Sh-B971 acts through the RIG-I pathway to trigger IFN activation. (A) RIG-I, and not melanoma differentiation associated gene 5 (MDA5) or toll-like receptor 3 (TLR3), mediated IFN induction by sh-B971. Various PRRs and their mutant proteins were coexpressed ...

Structure and sequence determinants of shRNA-mediated IFN activation

The majority of the shRNAs that we use in the lab do not activate RIG-I expression and IFN signaling despite having essentially the same structure as sh-B971, so we wanted to determine whether the sequence of sh-B971 is distinctive enough to trigger the production of IFN. We first tested a synthetic siRNA duplex with the same target sequence as sh-B971. This siRNA (si-B971-syn) should resemble the final Dicer product of sh-B971 except for the 5′-ends. The synthetic siRNA contains 5′-OH groups, whereas the Dicer products probably contain a 5′-monophosphate on one strand and a 5′-triphosphate on the other. Si-B971-syn knocked down CyPB expression as efficiently as sh-B971 (Figure 3A) while failing to activate IFN production, as measured by the GFP-HCV assay (Figure 3B). To determine whether the sequence of the intact hairpin RNA before Dicer cleavage is sufficient to trigger IFN, we tested a synthetic shRNA (sh-B971-syn) that had exactly the same sequence as the predicted intracellular sh-B971 transcript generated by the U6 promoter. Again, the 5′-end of the synthetic sh-B971 had a 5′-OH group instead of any phosphate. Sh-B971-syn behaved similarly to si-B971-syn in that it knocked down CyPB expression without activating IFN response (Figure 3).
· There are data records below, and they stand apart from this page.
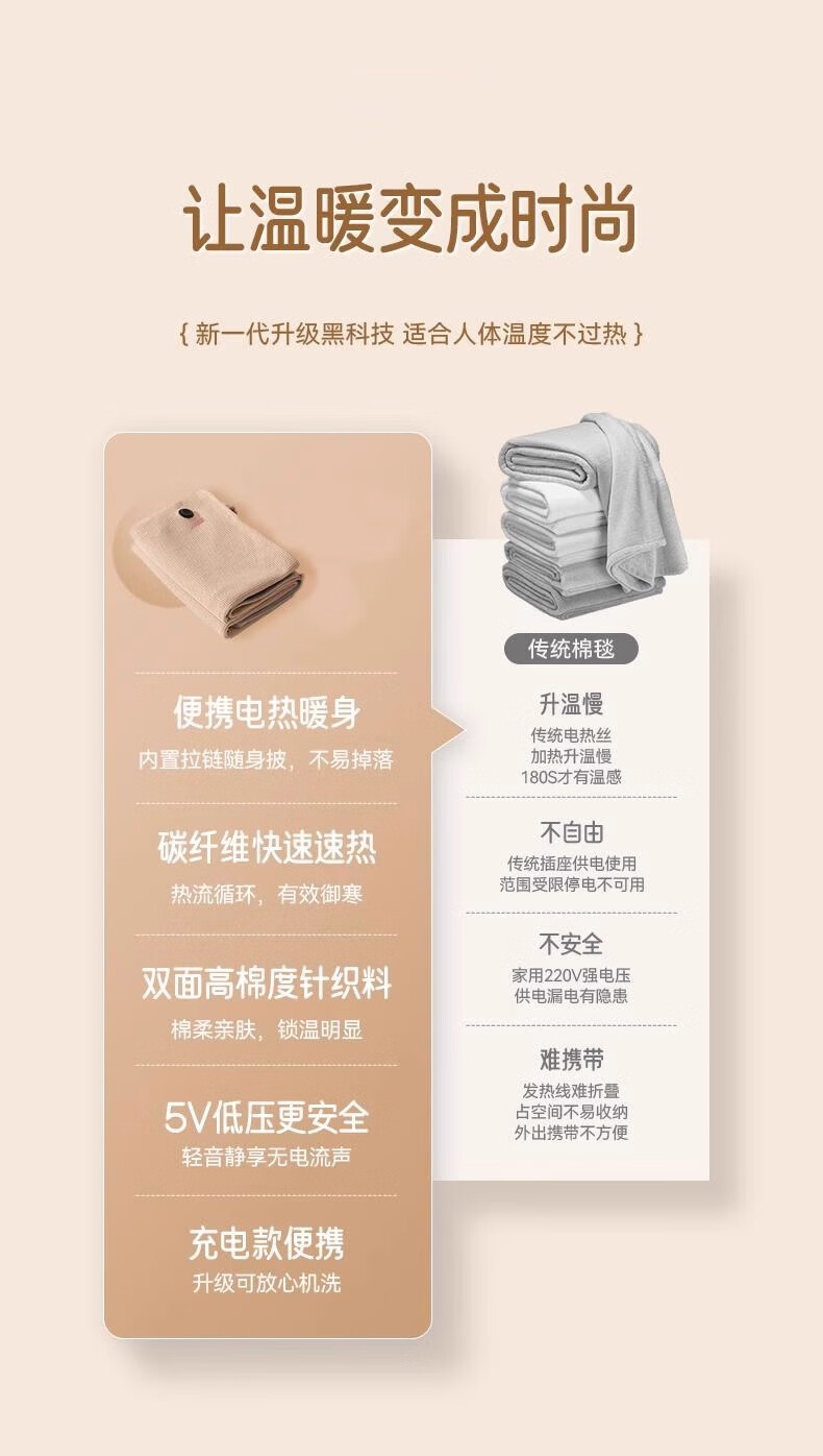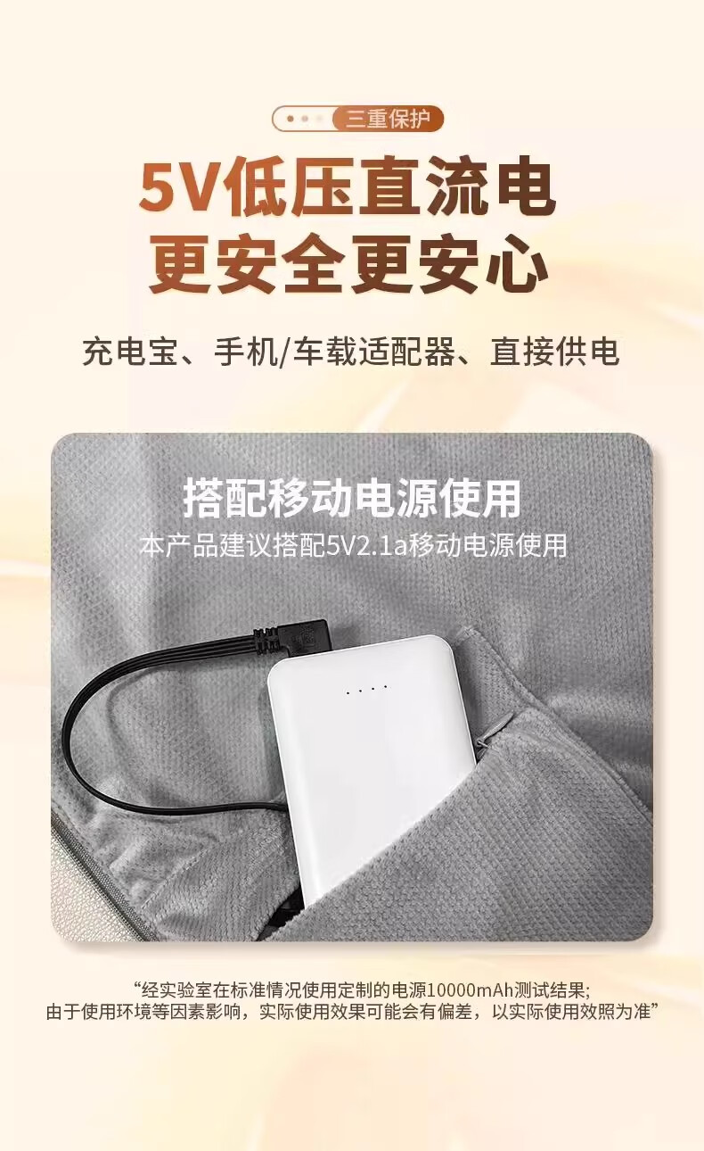 旅行时带着这个太方便了,插上充电宝就能用,保暖效果不错,轻便不占地方。
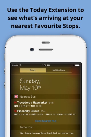 If the stop you use is further from your house, then you can mark it as a favourite. Favourites are displayed if you are within a mile and a half of them (2km). You can also see the nearest Favourites in the Today Widget!
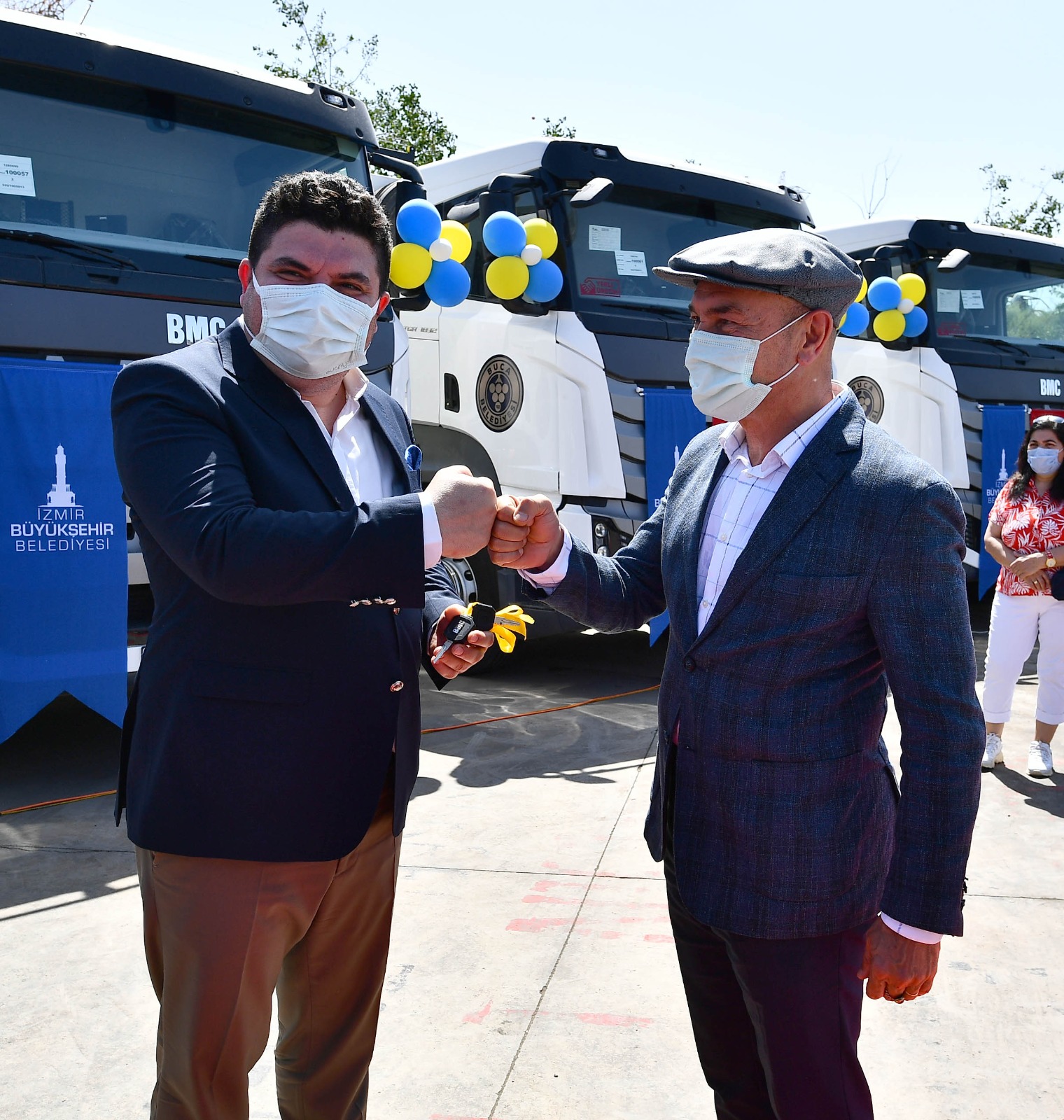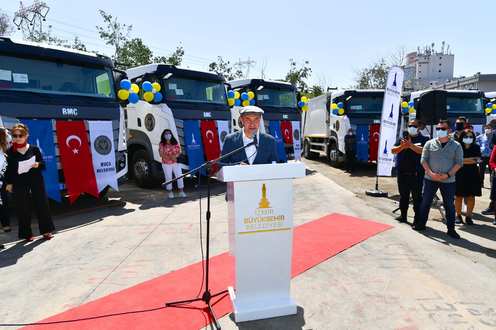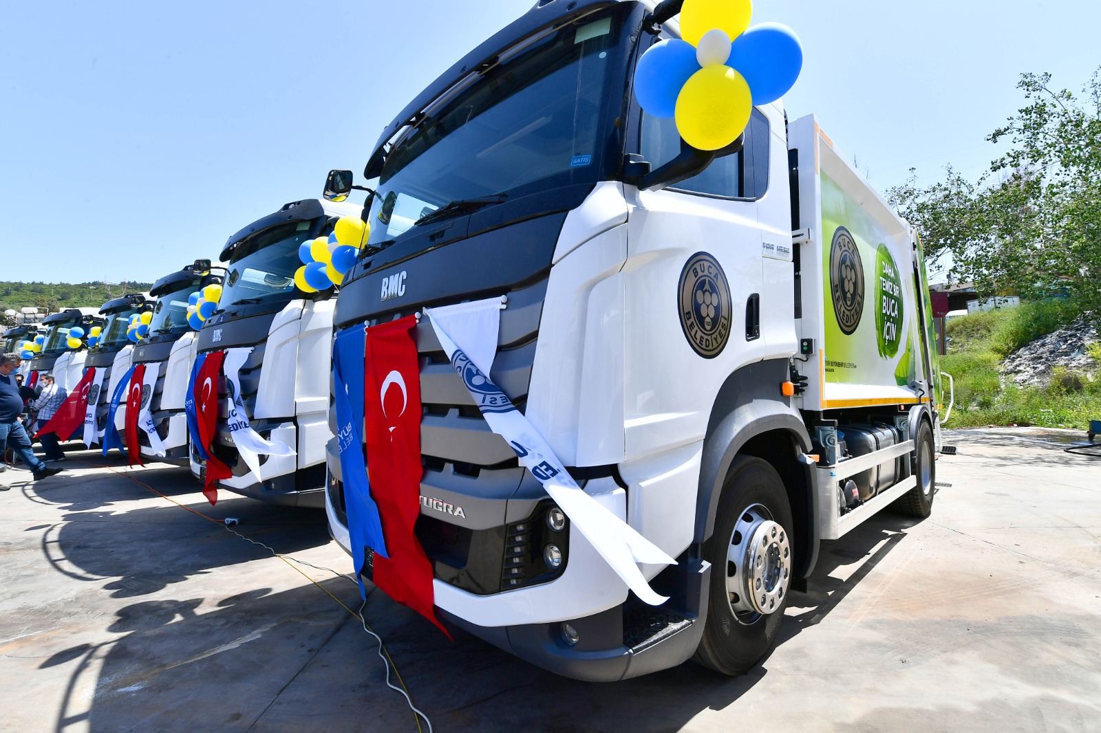 Konuşmaların ardından İzmir Büyükşehir Belediye Başkanı Tunç Soyer, Buca Belediye Başkanı Erhan Kılıç’ın kullandığı çöp kamyonlarından birine binerek araçla kısa bir tur attı.
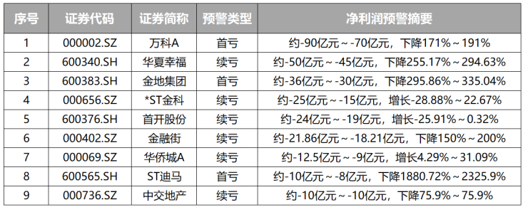 9家房企预亏超10亿元
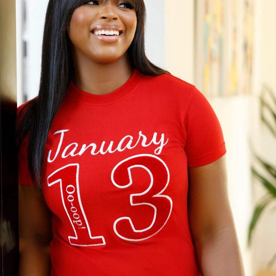 Janumary 13 DST chenille เสื้อยืดปักลายผ้าฝ้ายพรีเมี่ยมเสื้อผ้าสโมสรเสื้อยืดมรดกของชาวกรีกเดลต้าสีแดง
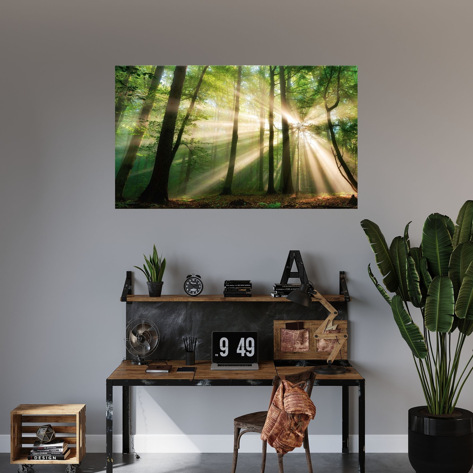 Leinwandgemälde Sonne im Wald Bäume Natur 120x80 cm
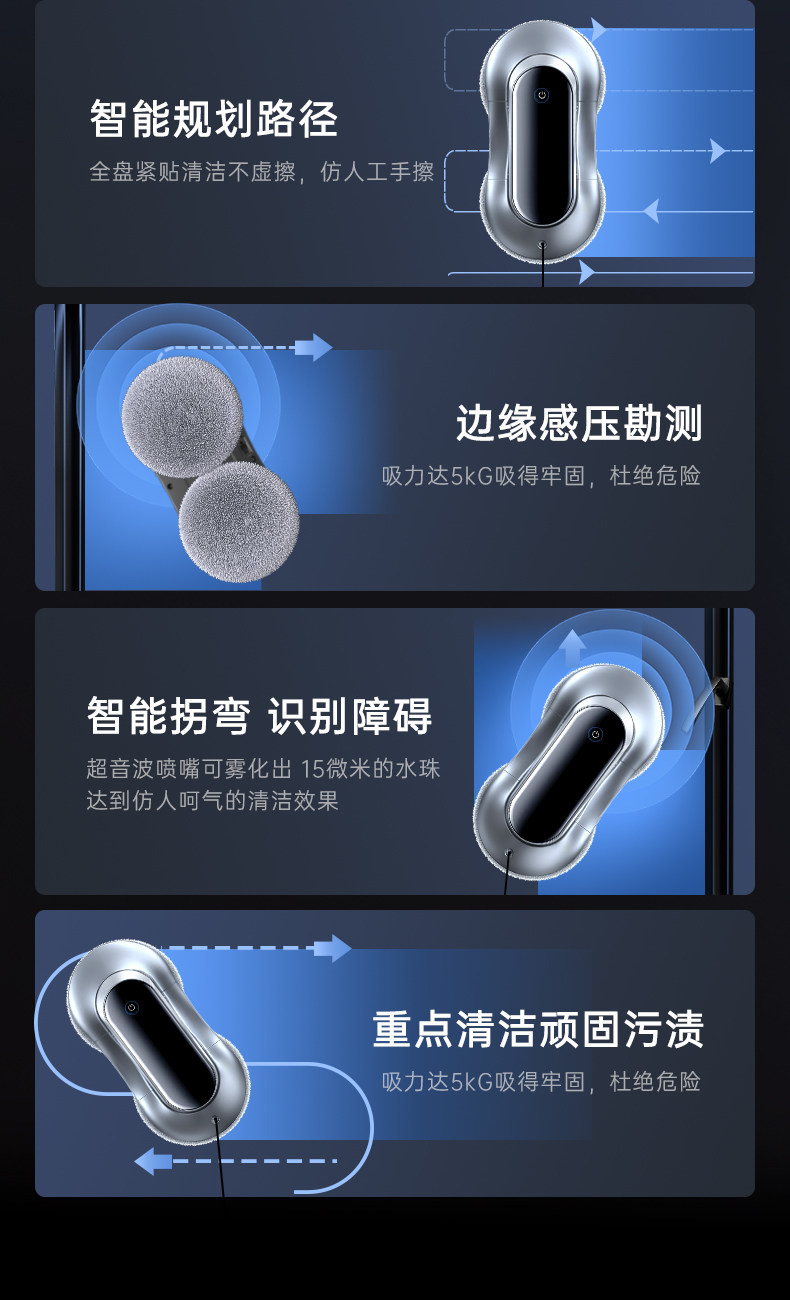Window Cleaning Robot with 8 Water Spray Nozzles, Fully Automatic Glass Cleaning Device, Electric Window Cleaning Robot for High-Rise Windows
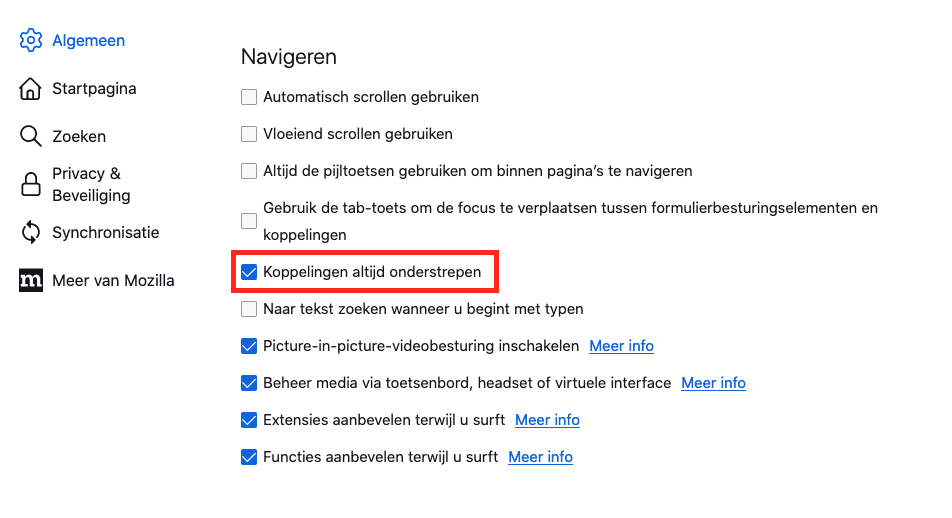 Verder heeft Firefox nu de optie onder Instellingen | Algemeen - Navigatie om linkjes (koppelingen) op websites standaard onderstreept te hebben. Op GratisSoftware.nl - en veel andere websites - worden linkjes alleen onderstreept als je met je muisaanwijzer erover heen gaat. Als je dat vervelend vindt en ze voor de duidelijkheid liever altijd onderstreept hebt dan kun je de optie 'Koppelingen altijd onderstrepen' aanzetten in Firefox.
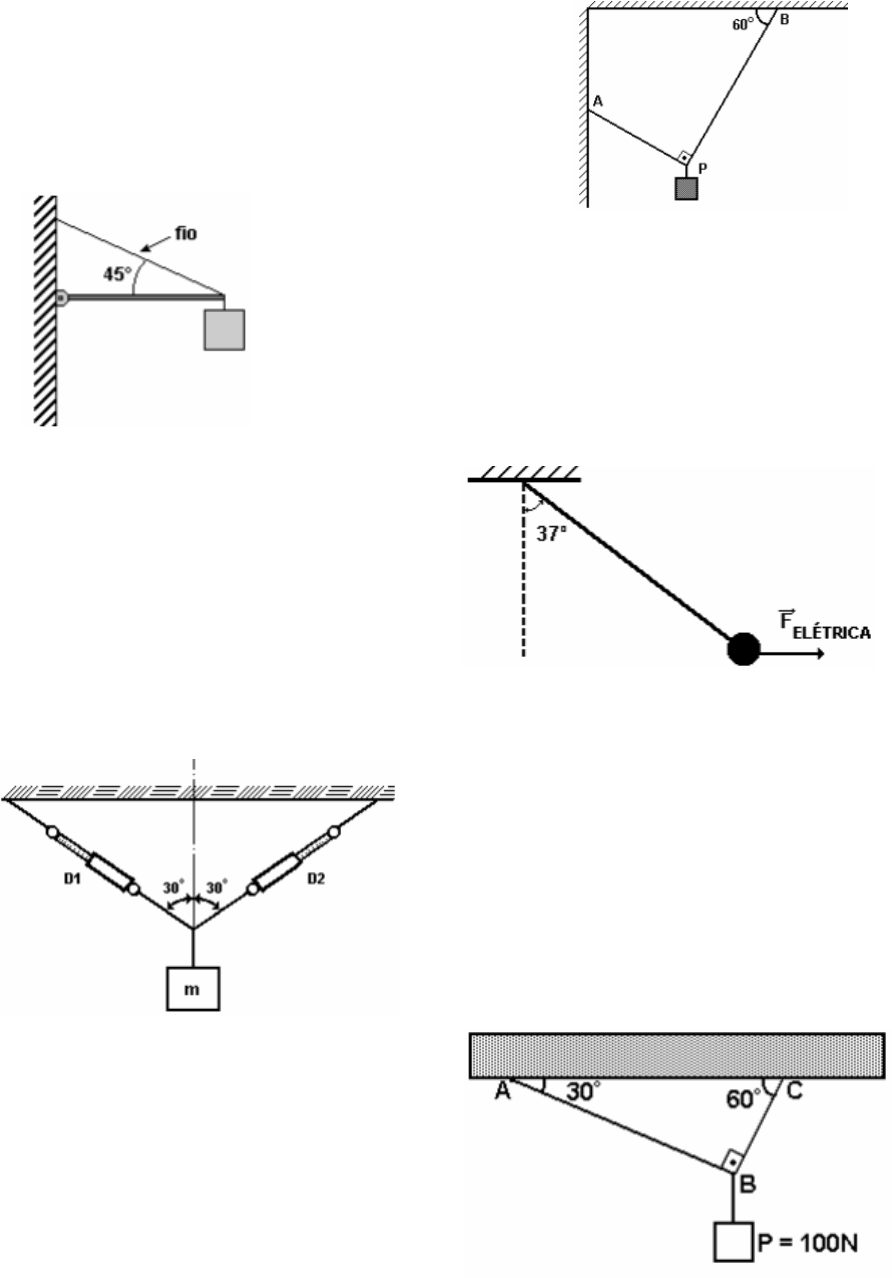 LISTA DE EXERCÍCIOS - ESTÁTICA 1. (Ufpe) A figura mostra um peso de 44 N suspenso no ponto P de uma corda. Os trechos AP e BP da corda formam um ângulo de 90°, e o ângulo entre BP e o teto é igual a 60°. Qual é o valor, e newtons, da tração no trecho AP da corda? 2. (Ufpe) Uma barra horizontal de massa desprezível possui uma de suas extremidades articulada em uma parede vertical. A outra extremidade está presa à parede por um fio que faz um ângulo de 45° com a horizontal e possui um corpo de 55 N pendurado. Qual o módulo da força normal à parede, em newtons, que a articulação exerce sobre a barra? 3. (Fatec) Uma pequena esfera de massa igual a 4,0 g, carregada eletricamente, está suspensa por uma corda. Sob a ação de uma força elétrica horizontal, a corda se desloca até que atinge o equilíbrio ao formar um ângulo de 37° com a vertical. Sabendo que cos 37° = 0,80 e sen 37° = 0,60, a intensidade da força elétrica e a tensão na corda são, respectivamente: a) 70 N e 56 N b) 30 N e 50 N c) 7,0 N e 5,6 N d) 3,0 N e 5,0 N e) 3,0 x 10 -2 N e 5,0 x 10 -2 N 4. (Fei) Sabendo-se que o sistema a seguir está em equilíbrio, qual é o valor da massa M quando os dinamômetros indicam 100N cada um? a) 17,32 kg b) 20 kg c) 10 kg d) 100 kg e) 200 kg 5. Na figura anterior, o corpo suspenso tem o peso 100N. Os fios são ideais e têm pesos desprezíveis, o sistema está em equilíbrio estático (repouso). A tração na corda AB, em N, é: (Dados: g=10m/s²; sen30°=0,5 e cos30°=√3/2). a) 20 b) 40 c) 50 d) 80 e) 100 6. O corpo M representado na figura pesa 80N e é mantido em equilíbrio por meio da corda AB e pela ação da força horizontal ù de módulo 60N. Considerando g = 10m/s², a intensidade da tração na corda AB, suposta ideal, em N, é: a) 60 b) 80 c) 100 d) 140 e) 200 7. Dois atletas estão sentados em lados opostos de uma gangorra, como mostra a figura. Determine o momento resultante em relação ao eixo de rotação? Determine ainda para que lado a gangorra cairá? 8. Uma tábua uniforme de 3m de comprimento é usada como gangorra por duas crianças com massas 25 kg e 54 kg. Elas sentam sobre as extremidades da tábua de modo que o sistema fica em equilíbrio quando apoiado em uma pedra distante de 1m da criança mais pesada. Qual o peso da tábua? Dado: g = 10 m/s² 9. Um fio, cujo limite de resistência é de 25N, é utilizado para manter em equilíbrio, na posição horizontal, uma haste de metal, homogênea, de comprimento AB = 80 cm e peso de 15N. A barra é fixa em A, numa parede, através de uma articulação, conforme indica a figura a seguir. Calcule a menor distância X, para a qual o fio manterá a haste em equilíbrio? 10. A barra a seguir é homogênea e está apoiada nos pontos A e B. Sabendo-se que a reação no apoio A é NA = 200N e que F1 = 100N e F2 = 500N, calcule o peso da barra. 11. Um cachorro de 4 kg está sentado em uma barra de 6m de comprimento. Considere o peso da barra desprezível. Calcule a reação dos apoios A e B, quando o cachorro está sentado a 1,5m do apoio B. 12. Para se estabelecer o equilíbrio da barra homogênea de 0,5 kg, apoiada em C, deve-se suspender em: a) A, um corpo de 1,5 kg. b) A, um corpo de 1,0 kg. c) A, um corpo de 0,5 kg. d) B, um corpo de 1,0 kg. e) B, um corpo de 1,5 kg. 13 – O sistema da figura ao lado está em equilíbrio. O peso da carga Q = 20 N e da carga S = 10 N. Desprezando o peso da barra, determine o peso da carga P. GABARITO: 1 – 22 2 – 55 N 3 – E 4 – A 5 – C 6 – C 7 – 2 N.m (anti-horário) 8 – 80 N 9 – 24 cm 10 – 100 N 11 – NA = 10 N ; NB = 30 N 12 – B 13 – 55 N
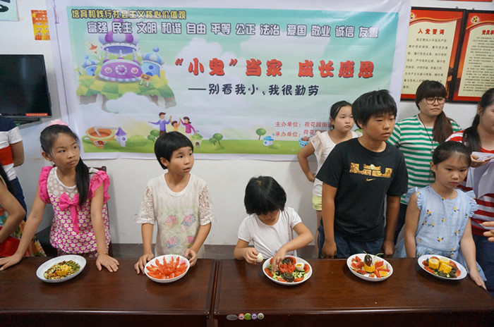 都说穷人家的孩子早当家,农民工兄弟的子女也是很懂事的。活动现场,社区工作人员为孩子们开辟了三个互动区,分别组织孩子亲手做饭菜、削水果、叠衣服。当孩子们将精心烹饪的食物夹到父母、爷爷奶奶等长辈口中时,很多长辈都开心地笑了。
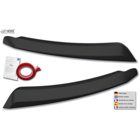 This set of head light spoilers is made of high-quality ABS/PUR plastic in original equipment quality. Supplied in black, they are flexible, break- and splinter-resistant.

These results suggest that the 5′-end status of sh-B971 is important for IFN activation, consistent with the previously finding that a 5′-triphosphate is required for RIG-I activation (24,25).

Figure 3.
Structural determinants of IFN activation by sh-B971. 293FT cells were transfected with shRNA-expressing lentiviral plasmids or synthetic RNAs. (A) Knockdown of CyPB expression by various forms of B971 siRNA. Cells were collected 5 days after transfection ...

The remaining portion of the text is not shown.